FIG. 1 illustrates the typical features of a dual string production packer assembly. Two parallel arranged strings, referred to as long string A and adjacent short string B are connected together via a packer C. Packer C comprises the standard components of an anchoring means D and a sealing means E, these may typically be toothed slips and an elastomeric packing element, respectively. A lower packer F is present which is only used to seal the long string A. With both packers C,F set, which may be by temporarily plugging I,J each string A,B, the long string A transports produced fluids from a production zone G located below the second packer F, while the short string B transports produced fluids from the production zone H located between the packers C,F with the packers providing pressure tight barriers between the production zones G,H and the production zone G and surface. - A feature of production packers is their need to be retrievable after what can be years of service within a well. There are a number of known retrieval methods for packers which include: pull to release, requiring shearing of securing pins or a shear ring allowing the slips and packing element to relax; shift to release, where a sleeve or supporting mechanism is moved using a shifting device to allow the slips and packing element to relax; mill to release, where a portion of the packer is milled allowing the packing element and slips to relax; and cut to release, where a load carrying member within the packer is cut either mechanically or chemically allowing the packing element and slips to release.
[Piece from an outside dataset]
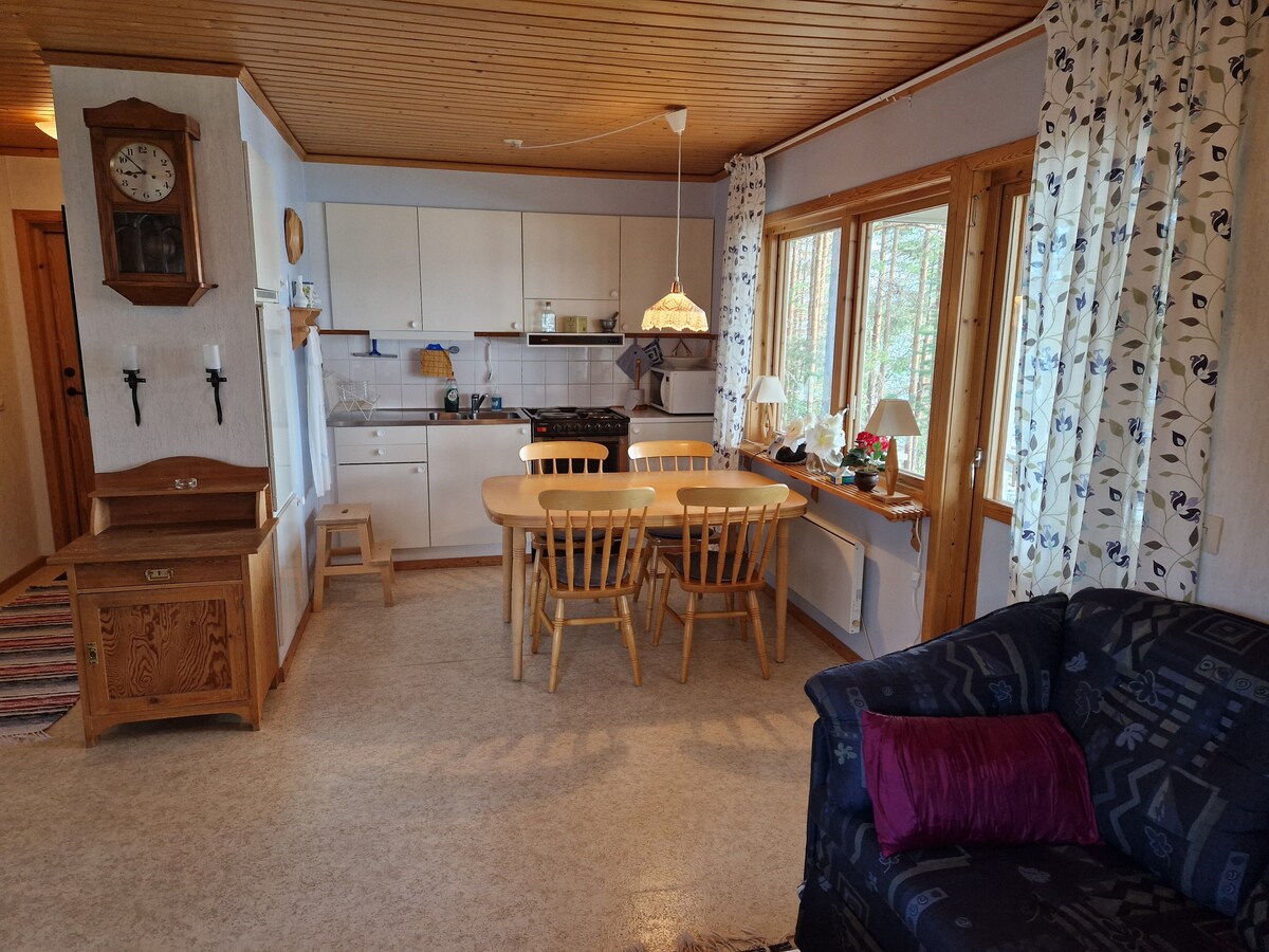 在大自然的寧靜輝煌中安頓下放鬆身心,但不要離開世界... Stuga就在河邊,為每個人提供了一些東西。 公寓非常適合2-4位成人或有兩個孩子的家庭入住。 客廳可以彈性用作臥室。 夏季的活動是在陽光下享受和放鬆、徒步旅行、採摘漿果、騎自行車、釣魚、遊泳等。 美妙的冬季邀請雪鞋之旅、冰上釣魚,享受寧靜和自然!

- Pull to release and shift to release packers commonly include some shearing pins or shiftable device, typically whereby the setting loads are locked into the same pins or device and as such the maximum pressure the packer can withstand is typically limited by these pins or device. A disadvantage of this is that the packer is particularly weak when pressure from below is applied in combination with tension in the string above since pressure from below and tension typically act in unison, whereby the resulting upwards force can overcome the shear rating and prematurely release the packer.
- Mill to release packers, also known as permanent packers are the most robust in industry as they contain no shearable, frangible or shiftable componentry, however the disadvantage to these is that significant effort is required to mill these packers to allow them to release.
- Cut to release packers rely on there being tension in the string below the cut to operate the release. For the dual string packers, the short string has insufficient length providing insufficient weight to create the required tension for release occur, while for the long string the tensile force and movement required may not be sufficient since this tubing string is in turn secured firmly by the lower packer with many designs also having the long string held in compression between the packers. Additionally, any cut made in the long string will reduce the strength of the packer such that when attempting to retrieve the lower packer by applying tensile force through the packer, that the packer is not strong enough. A yet further disadvantage in cutting the long string is that well control is lost as kill fluid can no longer be circulated to lower parts of the well if a kick occurs.
- U.S. Pat. No. 4,512,399 discloses a hydraulically set retrievable well packer using a cut to release system, with dual mandrels connectable into well tubing, for sealing the tubing to and anchoring the packer body in well casing utilizing a unique c-ring slip system. The mandrels are slidably connected for limited longitudinal movement in the packer body, which eliminates tubing spacing-out and temperature length change problems. There is a separate mandrel through the packer body for conducting flow from the casing annulus below the set packer. An internal lock system is provided to retain the packer in set position. If tubing parts above the set packer, the mandrels are supported and metal-to-metal sealed in the packer preventing tubing below the packer from falling. The packer may be retrieved by cutting one or both mandrels above the packing elements and picking up to release an internal connector which allows the slips and packing element to retract and the packer to be retrieved from the well. The anchoring, sealing and releasing means of this invention can be readily adapted for use on a single or multiple mandrel well packer.
- This packer has the disadvantages described above in relation to cut to release packers as each cut requires there to be sufficient weight on the lower tubular string to release the packer. It further shows difficulties in providing seals around the two independent mandrels making the design complex and requires a third mandrel to bring the fluid to hydraulically operate the packer from surface.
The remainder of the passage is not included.